▶ _EXERCISE OBJECTIVE_:
Below are some records; reproduce every one of them exactly.

(Records excerpted from a collection)
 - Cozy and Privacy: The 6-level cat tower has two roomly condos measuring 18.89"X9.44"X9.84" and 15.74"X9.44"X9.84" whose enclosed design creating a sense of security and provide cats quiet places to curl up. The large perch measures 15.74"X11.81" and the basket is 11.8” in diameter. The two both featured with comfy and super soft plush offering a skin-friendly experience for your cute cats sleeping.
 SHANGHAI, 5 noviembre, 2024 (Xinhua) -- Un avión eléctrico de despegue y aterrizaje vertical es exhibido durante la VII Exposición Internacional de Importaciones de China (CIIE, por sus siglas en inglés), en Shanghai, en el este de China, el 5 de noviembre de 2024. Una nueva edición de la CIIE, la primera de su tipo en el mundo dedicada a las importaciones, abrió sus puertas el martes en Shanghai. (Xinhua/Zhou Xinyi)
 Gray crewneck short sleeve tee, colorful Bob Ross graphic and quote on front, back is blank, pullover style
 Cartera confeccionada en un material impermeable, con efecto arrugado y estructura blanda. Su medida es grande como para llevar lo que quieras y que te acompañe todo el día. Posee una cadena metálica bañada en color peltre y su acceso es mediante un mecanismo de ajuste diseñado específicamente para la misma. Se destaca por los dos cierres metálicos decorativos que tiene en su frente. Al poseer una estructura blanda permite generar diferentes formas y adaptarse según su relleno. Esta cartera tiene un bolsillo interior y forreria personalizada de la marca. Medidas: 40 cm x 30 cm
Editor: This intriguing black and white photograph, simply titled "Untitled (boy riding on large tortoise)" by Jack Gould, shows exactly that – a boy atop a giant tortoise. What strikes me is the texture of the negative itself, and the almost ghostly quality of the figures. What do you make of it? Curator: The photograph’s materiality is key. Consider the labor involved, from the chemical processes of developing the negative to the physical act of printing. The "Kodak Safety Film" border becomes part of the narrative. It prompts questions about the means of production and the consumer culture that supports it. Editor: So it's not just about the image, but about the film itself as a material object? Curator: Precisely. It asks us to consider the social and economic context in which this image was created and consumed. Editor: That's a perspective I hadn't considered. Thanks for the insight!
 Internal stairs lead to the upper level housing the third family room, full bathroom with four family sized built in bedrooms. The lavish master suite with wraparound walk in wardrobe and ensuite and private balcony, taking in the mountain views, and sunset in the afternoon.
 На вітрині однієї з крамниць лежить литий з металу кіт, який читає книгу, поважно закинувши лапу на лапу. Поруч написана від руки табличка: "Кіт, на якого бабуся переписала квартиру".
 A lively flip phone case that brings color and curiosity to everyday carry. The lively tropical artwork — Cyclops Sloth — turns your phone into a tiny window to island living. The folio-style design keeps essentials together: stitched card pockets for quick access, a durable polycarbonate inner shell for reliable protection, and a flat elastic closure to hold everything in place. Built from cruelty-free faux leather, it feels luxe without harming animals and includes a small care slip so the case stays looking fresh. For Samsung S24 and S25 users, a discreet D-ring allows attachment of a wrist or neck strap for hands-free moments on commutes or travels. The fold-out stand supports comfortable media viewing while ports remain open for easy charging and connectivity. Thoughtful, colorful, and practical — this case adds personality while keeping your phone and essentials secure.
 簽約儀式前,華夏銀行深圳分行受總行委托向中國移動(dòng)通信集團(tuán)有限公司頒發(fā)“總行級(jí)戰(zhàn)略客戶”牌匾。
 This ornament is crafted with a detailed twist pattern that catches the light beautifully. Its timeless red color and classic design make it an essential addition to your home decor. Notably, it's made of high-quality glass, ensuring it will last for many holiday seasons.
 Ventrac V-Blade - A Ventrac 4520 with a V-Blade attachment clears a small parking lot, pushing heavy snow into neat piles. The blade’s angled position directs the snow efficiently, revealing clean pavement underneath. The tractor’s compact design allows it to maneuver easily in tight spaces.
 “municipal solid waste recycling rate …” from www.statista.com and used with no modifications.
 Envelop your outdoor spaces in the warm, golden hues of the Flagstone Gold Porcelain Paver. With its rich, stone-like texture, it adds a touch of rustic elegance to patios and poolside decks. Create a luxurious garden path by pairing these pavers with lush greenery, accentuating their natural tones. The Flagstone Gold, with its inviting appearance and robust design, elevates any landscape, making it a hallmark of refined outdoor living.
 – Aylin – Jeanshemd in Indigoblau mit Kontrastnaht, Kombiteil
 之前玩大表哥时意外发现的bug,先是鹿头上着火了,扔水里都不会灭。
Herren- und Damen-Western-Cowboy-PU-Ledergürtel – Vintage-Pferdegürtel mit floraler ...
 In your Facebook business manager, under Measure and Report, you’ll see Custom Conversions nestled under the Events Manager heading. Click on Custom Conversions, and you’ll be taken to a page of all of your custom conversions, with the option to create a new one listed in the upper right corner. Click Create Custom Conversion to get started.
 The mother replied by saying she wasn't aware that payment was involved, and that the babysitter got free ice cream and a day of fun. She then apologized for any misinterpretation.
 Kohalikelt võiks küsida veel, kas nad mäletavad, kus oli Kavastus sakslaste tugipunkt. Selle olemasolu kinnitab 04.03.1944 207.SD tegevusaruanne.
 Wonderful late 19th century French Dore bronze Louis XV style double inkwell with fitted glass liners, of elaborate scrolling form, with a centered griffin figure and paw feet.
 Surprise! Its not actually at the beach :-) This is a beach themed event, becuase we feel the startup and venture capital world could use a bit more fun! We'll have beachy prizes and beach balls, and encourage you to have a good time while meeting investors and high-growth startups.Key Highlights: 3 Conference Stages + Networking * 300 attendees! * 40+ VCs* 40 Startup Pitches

▶ _WRITTEN RESPONSE_:
 - Cozy and Privacy: The 6-level cat tower has two roomly condos measuring 18.89"X9.44"X9.84" and 15.74"X9.44"X9.84" whose enclosed design creating a sense of security and provide cats quiet places to curl up. The large perch measures 15.74"X11.81" and the basket is 11.8” in diameter. The two both featured with comfy and super soft plush offering a skin-friendly experience for your cute cats sleeping.
 SHANGHAI, 5 noviembre, 2024 (Xinhua) -- Un avión eléctrico de despegue y aterrizaje vertical es exhibido durante la VII Exposición Internacional de Importaciones de China (CIIE, por sus siglas en inglés), en Shanghai, en el este de China, el 5 de noviembre de 2024. Una nueva edición de la CIIE, la primera de su tipo en el mundo dedicada a las importaciones, abrió sus puertas el martes en Shanghai. (Xinhua/Zhou Xinyi)
 Gray crewneck short sleeve tee, colorful Bob Ross graphic and quote on front, back is blank, pullover style
 Cartera confeccionada en un material impermeable, con efecto arrugado y estructura blanda. Su medida es grande como para llevar lo que quieras y que te acompañe todo el día. Posee una cadena metálica bañada en color peltre y su acceso es mediante un mecanismo de ajuste diseñado específicamente para la misma. Se destaca por los dos cierres metálicos decorativos que tiene en su frente. Al poseer una estructura blanda permite generar diferentes formas y adaptarse según su relleno. Esta cartera tiene un bolsillo interior y forreria personalizada de la marca. Medidas: 40 cm x 30 cm
Editor: This intriguing black and white photograph, simply titled "Untitled (boy riding on large tortoise)" by Jack Gould, shows exactly that – a boy atop a giant tortoise. What strikes me is the texture of the negative itself, and the almost ghostly quality of the figures. What do you make of it? Curator: The photograph’s materiality is key. Consider the labor involved, from the chemical processes of developing the negative to the physical act of printing. The "Kodak Safety Film" border becomes part of the narrative. It prompts questions about the means of production and the consumer culture that supports it. Editor: So it's not just about the image, but about the film itself as a material object? Curator: Precisely. It asks us to consider the social and economic context in which this image was created and consumed. Editor: That's a perspective I hadn't considered. Thanks for the insight!
 Internal stairs lead to the upper level housing the third family room, full bathroom with four family sized built in bedrooms. The lavish master suite with wraparound walk in wardrobe and ensuite and private balcony, taking in the mountain views, and sunset in the afternoon.
 На вітрині однієї з крамниць лежить литий з металу кіт, який читає книгу, поважно закинувши лапу на лапу. Поруч написана від руки табличка: "Кіт, на якого бабуся переписала квартиру".
 A lively flip phone case that brings color and curiosity to everyday carry. The lively tropical artwork — Cyclops Sloth — turns your phone into a tiny window to island living. The folio-style design keeps essentials together: stitched card pockets for quick access, a durable polycarbonate inner shell for reliable protection, and a flat elastic closure to hold everything in place. Built from cruelty-free faux leather, it feels luxe without harming animals and includes a small care slip so the case stays looking fresh. For Samsung S24 and S25 users, a discreet D-ring allows attachment of a wrist or neck strap for hands-free moments on commutes or travels. The fold-out stand supports comfortable media viewing while ports remain open for easy charging and connectivity. Thoughtful, colorful, and practical — this case adds personality while keeping your phone and essentials secure.
 簽約儀式前,華夏銀行深圳分行受總行委托向中國移動(dòng)通信集團(tuán)有限公司頒發(fā)“總行級(jí)戰(zhàn)略客戶”牌匾。
 This ornament is crafted with a detailed twist pattern that catches the light beautifully. Its timeless red color and classic design make it an essential addition to your home decor. Notably, it's made of high-quality glass, ensuring it will last for many holiday seasons.
 Ventrac V-Blade - A Ventrac 4520 with a V-Blade attachment clears a small parking lot, pushing heavy snow into neat piles. The blade’s angled position directs the snow efficiently, revealing clean pavement underneath. The tractor’s compact design allows it to maneuver easily in tight spaces.
 “municipal solid waste recycling rate …” from www.statista.com and used with no modifications.
 Envelop your outdoor spaces in the warm, golden hues of the Flagstone Gold Porcelain Paver. With its rich, stone-like texture, it adds a touch of rustic elegance to patios and poolside decks. Create a luxurious garden path by pairing these pavers with lush greenery, accentuating their natural tones. The Flagstone Gold, with its inviting appearance and robust design, elevates any landscape, making it a hallmark of refined outdoor living.
 – Aylin – Jeanshemd in Indigoblau mit Kontrastnaht, Kombiteil
 之前玩大表哥时意外发现的bug,先是鹿头上着火了,扔水里都不会灭。
Herren- und Damen-Western-Cowboy-PU-Ledergürtel – Vintage-Pferdegürtel mit floraler ...
 In your Facebook business manager, under Measure and Report, you’ll see Custom Conversions nestled under the Events Manager heading. Click on Custom Conversions, and you’ll be taken to a page of all of your custom conversions, with the option to create a new one listed in the upper right corner. Click Create Custom Conversion to get started.
 The mother replied by saying she wasn't aware that payment was involved, and that the babysitter got free ice cream and a day of fun. She then apologized for any misinterpretation.
 Kohalikelt võiks küsida veel, kas nad mäletavad, kus oli Kavastus sakslaste tugipunkt. Selle olemasolu kinnitab 04.03.1944 207.SD tegevusaruanne.
 Wonderful late 19th century French Dore bronze Louis XV style double inkwell with fitted glass liners, of elaborate scrolling form, with a centered griffin figure and paw feet.
 Surprise! Its not actually at the beach :-) This is a beach themed event, becuase we feel the startup and venture capital world could use a bit more fun! We'll have beachy prizes and beach balls, and encourage you to have a good time while meeting investors and high-growth startups.Key Highlights: 3 Conference Stages + Networking * 300 attendees! * 40+ VCs* 40 Startup Pitches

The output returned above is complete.